At the sounds from the others in the conference room—snorts, guffaws, and a bitter chuckle—the blond flushed.
“The Admiral knows,” pointed out the Director, “but she’ll still have to send the eagles where the Senate demands. The Senate Intelligence Committee knows, but with starvation and energy shortages on two dozen planets, they have to do
something
, and that something may well be military action against Accord. What else can they do politically, with over five million dead on Heraculon? The Matriarch knows, but she’s got problems with all the fish kills and hungry people and economic unrest, and that means Halstan will jump to whichever side is advantageous.”
“That still doesn’t say why the Frankans alerted us to an attempted murder in Camelot.” The Director leaned back in her chair. “And, according to these background reports, about half of New Avalon would weep crocigator tears if Flash Bannon died.”
“It doesn’t make sense. This Bannon has to be more than a minor importer,” mused the dark-haired woman.
“He is. He’s almost interstellar class as a keyboardist, either directlink or manual. He’s got a doctorate in infrastructure economics from ChicLandan University, and he owns the seediest Cuberan pub in Camelot. He’s also the head of both a trade factoring firm and a consulting firm.”

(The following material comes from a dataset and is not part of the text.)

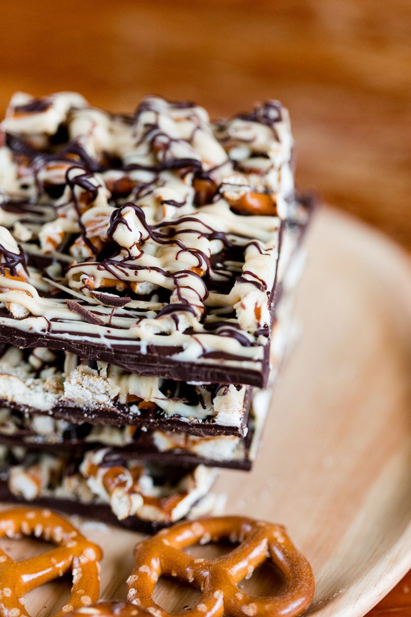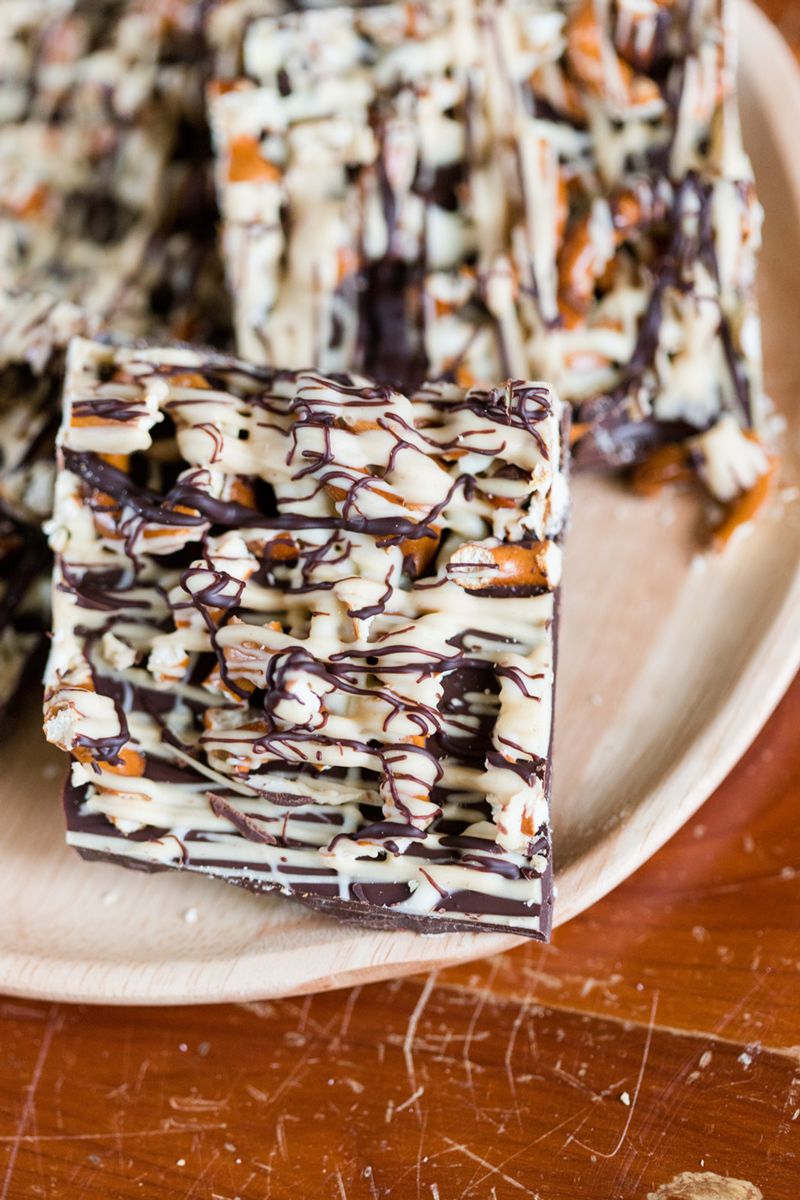 Spread the chocolate mixture evenly over the waxed paper. Sprinkle with 1½ cups of the pretzels. Drizzle the white chocolate over the top. Drizzle the peanut butter mixture over that and used a knife to swirl the mixtures together gently. Sprinkle the remaining pretzels over the top and press lightly.

“That makes him hated? Or a target?”
“Besides the fact that he’s big, belligerent, and nasty to anyone he doesn’t like, and doesn’t like anyone for more than a standard week? He uses his consulting firm—and that’s an economic consulting firm in only the broadest sense—as an intelligence brokerage. Except we can’t call it that. He knows everything about everyone.”

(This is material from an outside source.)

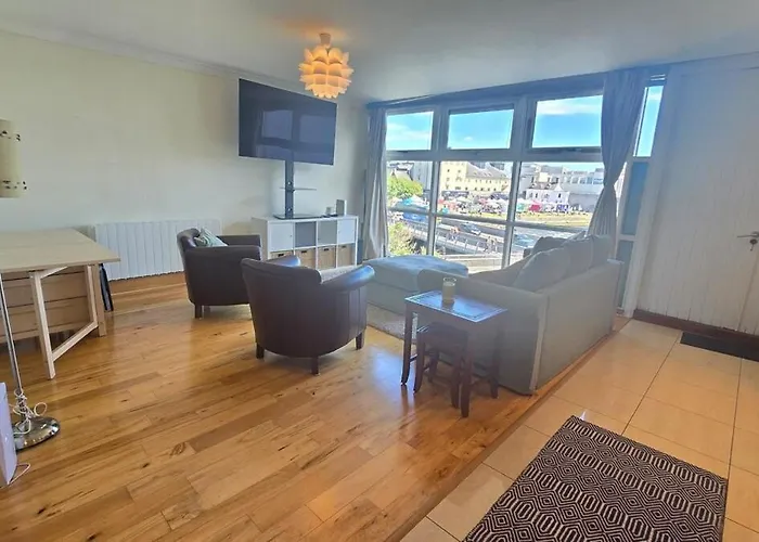 クラダーから徒歩で5分くらいの場所に位置するベッドルーム2室のGreat 2 bed, 2 bath apartment, River & city views ゴールウェイからは、海の景色を眺めることができます。

“What about the factoring business?”
“That seems legitimate. So legitimate that what exists in his consulting firm is probably fine rice compared to the trade business. He has tech and ag transfer lines with all the major outsystems from Tinhorn to Accord, from Orknarli to Anarra.”
“Agriculture?”
“Interesting, isn’t it?” asked the Director. “That seems to be the common thread. Even to the Federated Hegemony.”
“You think Bannon became a target because of agriculture?”
“That’s the implication. He either knows something or shipped something or both.”
“His firm ships
everything
…”
“Makes it difficult. I’ve asked stats to analyze the cargo manifests we got earlier, but I wanted you all to think about it. We’ll meet later.”
“New Avalon—they’re pretty repressed there. They make the Halstani matriarchs look like extroverts.”
“This is getting nasty,” added the redheaded man.
The Director held up the hard copy of the file. “This just might be the reason why—if we can figure it out. Except we don’t have ships and outsystem operatives.”
“Sylvia?”
“She’s committed to the Institute. Let’s hope she can help them.”
Several heads nodded.
“Or we’ll be facing a bigger mess than the Secession. Even the Grand Admiral would wish it were just the Secession.”